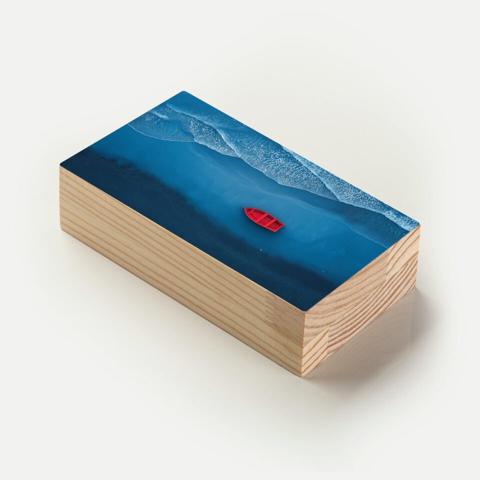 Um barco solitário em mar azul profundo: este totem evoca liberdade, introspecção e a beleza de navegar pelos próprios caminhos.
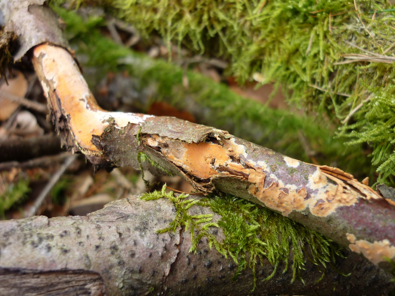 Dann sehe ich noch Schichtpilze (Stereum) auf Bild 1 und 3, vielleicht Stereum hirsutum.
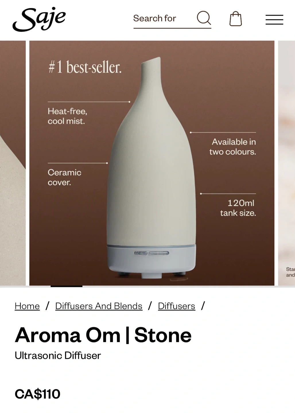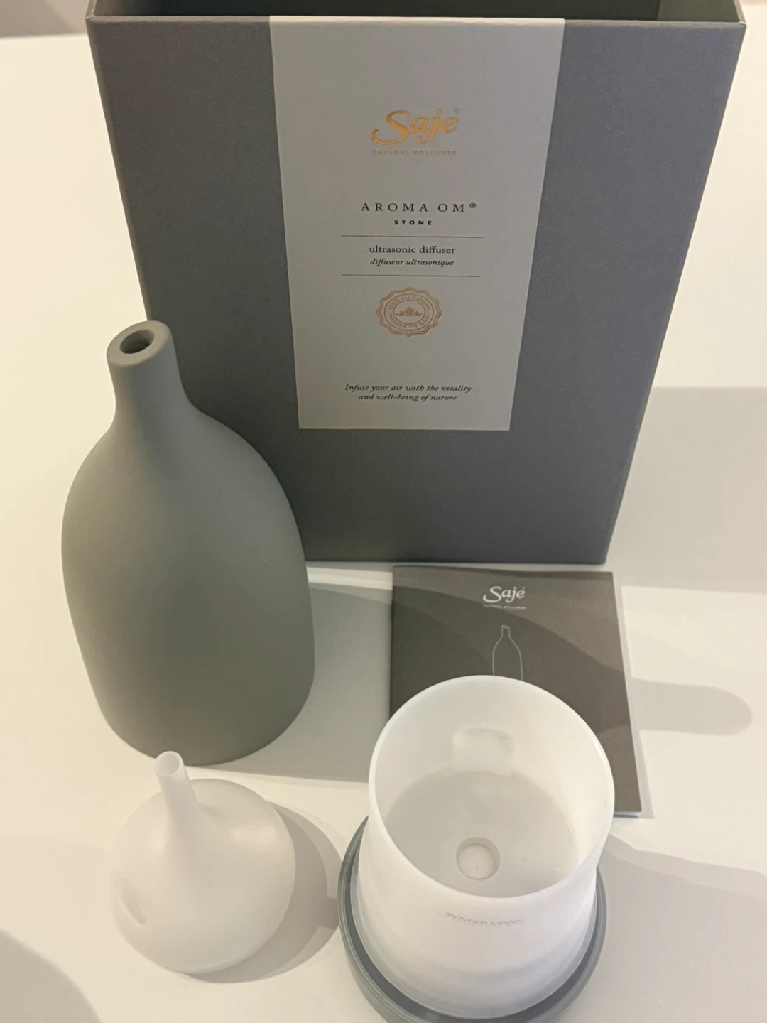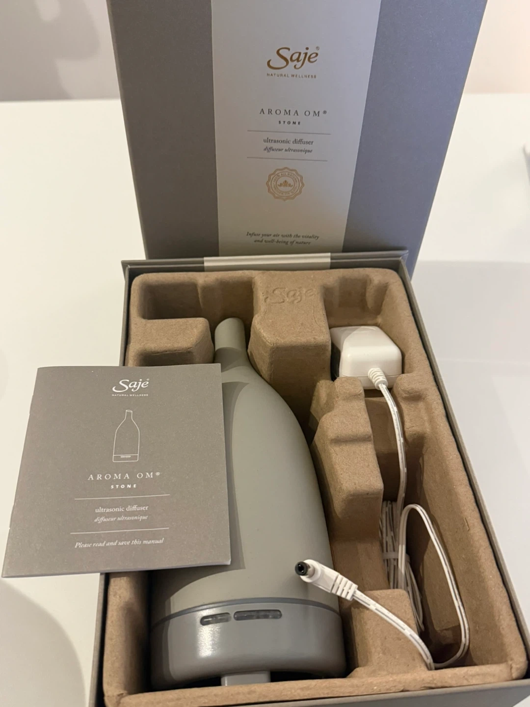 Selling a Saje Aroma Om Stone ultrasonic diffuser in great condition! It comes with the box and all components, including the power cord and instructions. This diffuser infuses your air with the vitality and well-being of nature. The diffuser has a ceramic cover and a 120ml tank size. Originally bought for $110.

* [Problem description]: Take the listing and print it again exactly, but without any pictures.

* [Answer for the task]:
 Um barco solitário em mar azul profundo: este totem evoca liberdade, introspecção e a beleza de navegar pelos próprios caminhos.
 Dann sehe ich noch Schichtpilze (Stereum) auf Bild 1 und 3, vielleicht Stereum hirsutum.
 Selling a Saje Aroma Om Stone ultrasonic diffuser in great condition! It comes with the box and all components, including the power cord and instructions. This diffuser infuses your air with the vitality and well-being of nature. The diffuser has a ceramic cover and a 120ml tank size. Originally bought for $110.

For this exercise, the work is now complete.